The story of Ramanujan is fascinating and inspiring, but unfortunately the movie has not presented it well.
Though most of the important biographic details were there, I have not felt connected to or touched by the story. Some scenes felt kind of forced or disconnected from the story (most of the India ones) and others felt too rushed, so they didn't succeed to build the desired feeling.
And of course the rushed ending that was merely presented as a plain text, like we are in wikipedia instead of a movie!
I probably would give it a point less if I could forget for a minute from the historical story and examine the movie by itself.
Lacks some emotion and excitement.
Nice tribute to our greatest mathematician.
Movies and stories about people who made great contributes to the world always makes me feel like I'm in a room full of onions cutting ninjas.
It tells the story of Srinivasa Ramanujan, an Indian mathematician who made important contributions to the world of mathematics as the theory of numbers
Love Dev Patel in this movie. What an interesting movie - to consider the mystical and aesthetically aspects of math. I appreciated that it could tell the story without trying to explain the math. the relationship between Ramanujan and his wife was a lovely sub-melody. I hope we ge to see more of Devika Bhisa. I give the movie an 8 (great) out of 10
A quiet film about an exceptional man. The mathematics in the film eluded my simple mind, but as a story of an outcast in a world of pomposity I can relate well.
I expected a litte bit more out of it. Still the end is emotionally very powerful and this is a movie well worth the time spent watching.
If you like math, the magic behind pure science and history, you'll surely love this rare movie in an era dominated by superheroes and franchise movies.
Great biopic about a great mathematician. These are hard subjects but the film manages to explain them and make you care.
Surprisingly deeply felt brilliance and heartfelt in a hard-to-describe way.
An attempt at making an Indian "Beautiful Mind" only executed in such a poor a boring manner.
I could tell there was a great story somewhere... But it was lost in poor execution.
A snoozfest.
i love the dev patel cinematic universe
Solid 6.5/10 (rounded to 7)
I probably wouldn't have cast Dev Patel in that role, but it's not as if I can name another Indian actor I'd rather see in it. There just aren't enough of them in Hollywood. It's frustrating.
The film's dramatic arc feels a little too formulaic, leading me to question the precise order of events in the final act, but overall it's a good watch. Just felt like the script could have gone a bit farther in depth on some areas.
Review by ltcomdataBlockedParent2016-07-15T18:38:54Z
This movie was a true-to-life movie about the tragic life of the very gifted mathematician and mystic Mr. Ramanujan.
I liked the themes of triumph despite English racism to the Indian people.

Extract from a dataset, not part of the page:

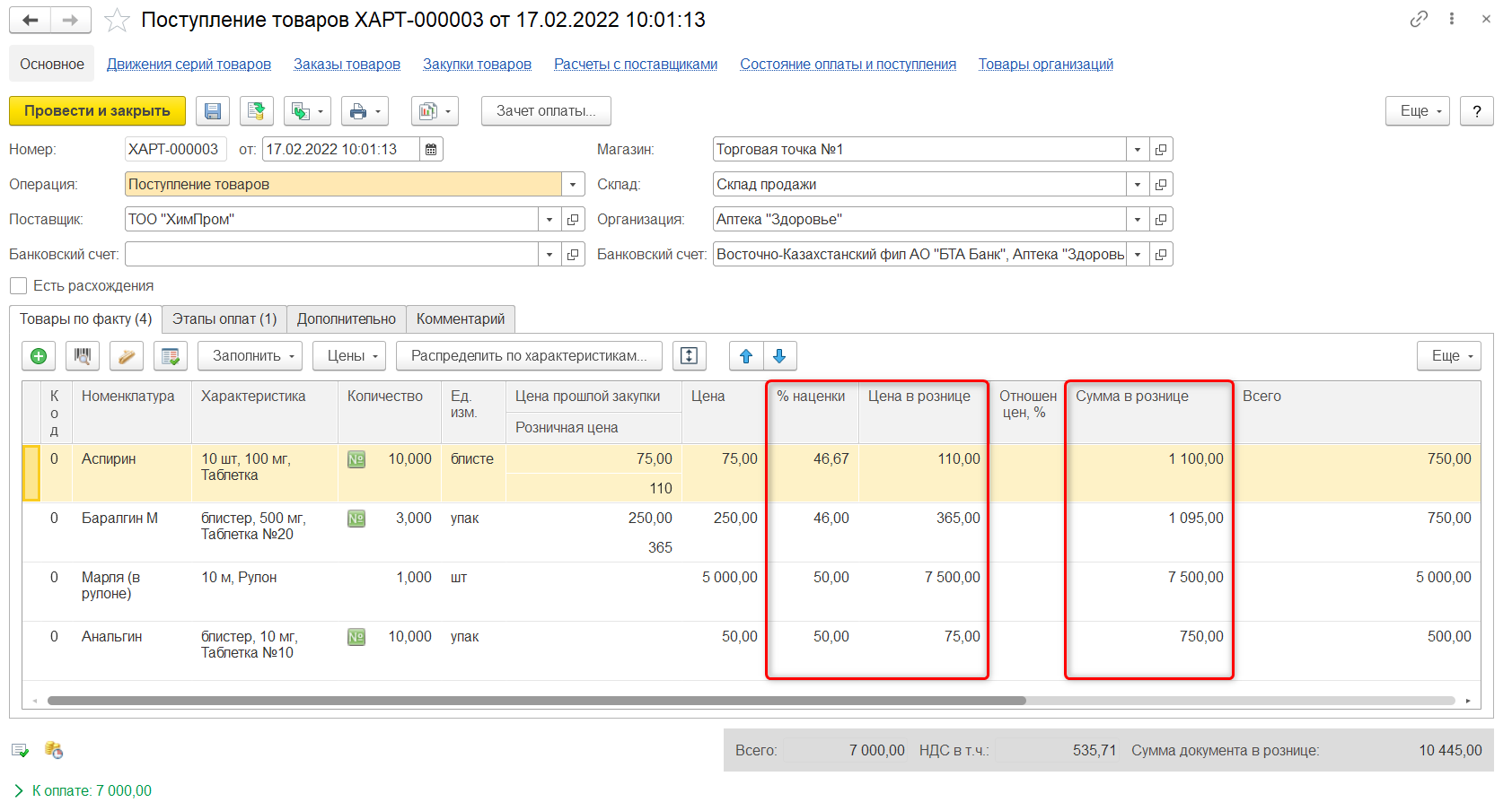 Автоматическая наценка для формирования розничной цены лекарственных средств в решении «1С:Аптека для Казахстана»

And I was most glad to see the theme of Faith in God as the source of Mr. Ramanujan's otherwise inexplicable and seemingly magical formulas that came to him entirely completed --- as if glimpsed from the revelations of God. For, every mathematician, deep down, believes they are discovering something already true and pre-existent to their writing it down. Mr. Ramanujan was simply a better visionary than the rest of mathematicians because his formulas came to him already worked out and seemingly out of nowhere. The downside was that he could not really prove that his formulas held. Nor was it evident from the formulas themselves how to prove them, given their quite esoteric nature.
Mr. Ramanujan credited his flashes of inspiration to God (and isn't The Holy Spirit responsible for all inspiration?). But this belief deeply conflicted with the beliefs of the world-famous and very gifted mathematician Mr. Hardy, who was an atheist. Somehow they made their short and brilliant collaboration work. But the movie does not answer --- and I do not know that it can answer, given the historical information that we have --- how Mr. Hardy could explain the flashes of inspiration that came to Mr. Ramanujan while at prayer; or indeed, how Mr. Hardy could explain the existence and nature of mathematics itself.

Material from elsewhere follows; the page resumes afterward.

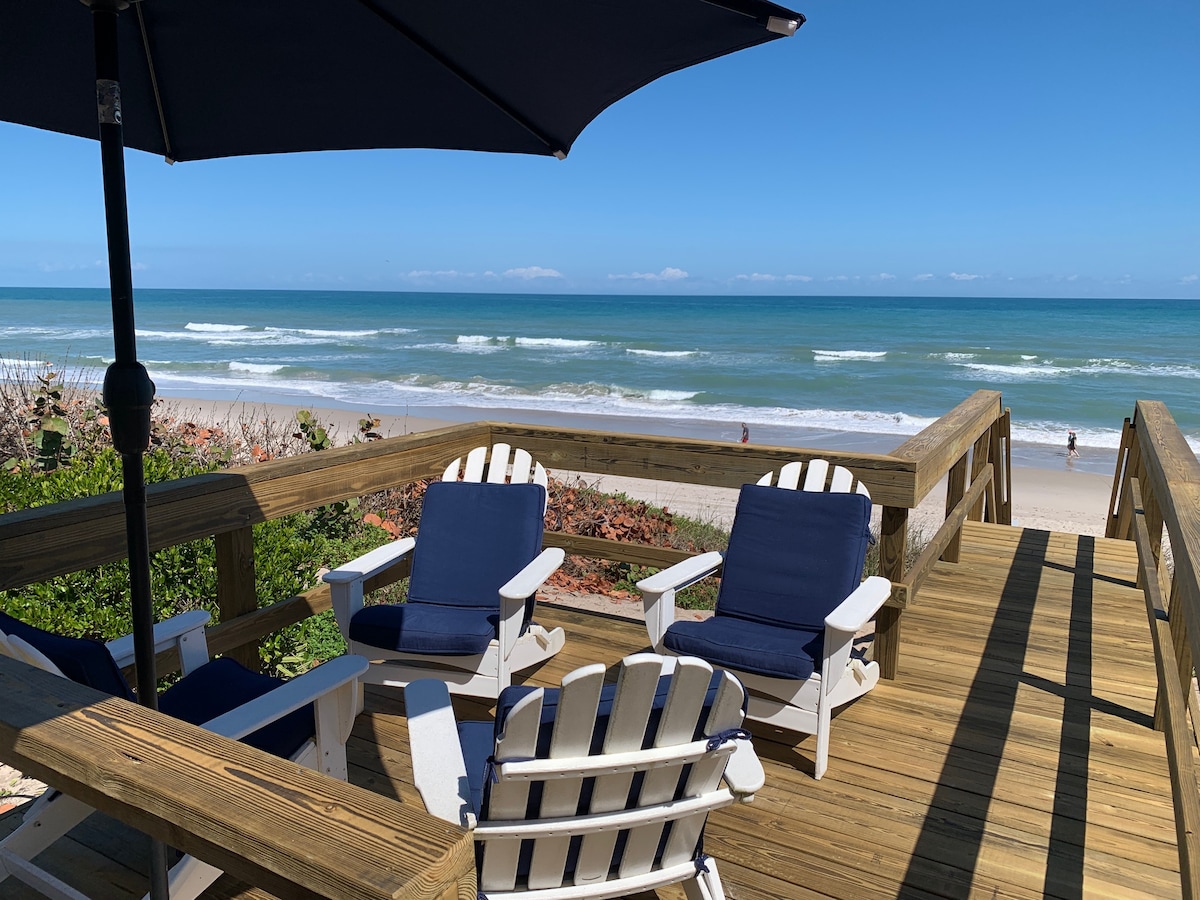 Localização, privacidade, oceano. Devido a preocupações com a saúde, a piscina vista de fotos aéreas não está disponível de novembro a maio porque os proprietários estarão na residência na casa principal. Bem-vindo ao Nova Beach Cottage, a casa de hóspedes na propriedade à beira-mar do famoso escultor, Mihai Popa, também conhecido como “Nova”. Localizado na ponta sul da Ilha Hutchinson Norte, diretamente ao lado do Parque Estadual de Fort Pierce Inlet. Jardim e caminho para a praia a poucos passos do chalé. Pátio coberto do quarto.

I find one particular detail about Mr. Ramanujan's formulas that the title of the movie alludes to quite intriguing. For his formulas are technically wrong, as Mr. Littlewood explains in one of his letters. For they often give results that are sometimes slightly higher, and sometimes slightly lower than the true value. But the striking part is that the error in his formulas decreases as the numbers get higher and higher, so that they end up being absolutely correct at infinity --- if infinity were a place the natural numbers could arrive. It is almost as if he had been given glimpses of the "facts at infinity": the view that God must have, since He is not hampered by finitude. Hence the title of the movie: The Man Who Knew Infinity.
Finally, for those of us who know a little bit about the biographies of the mathematicians of the time, the relationship shown in the screen between Mr. Hardy and Mr. Littlewood is quite heart-warming. It brings life to the well-known fact of their life-long collaboration in numerous mathematical problems.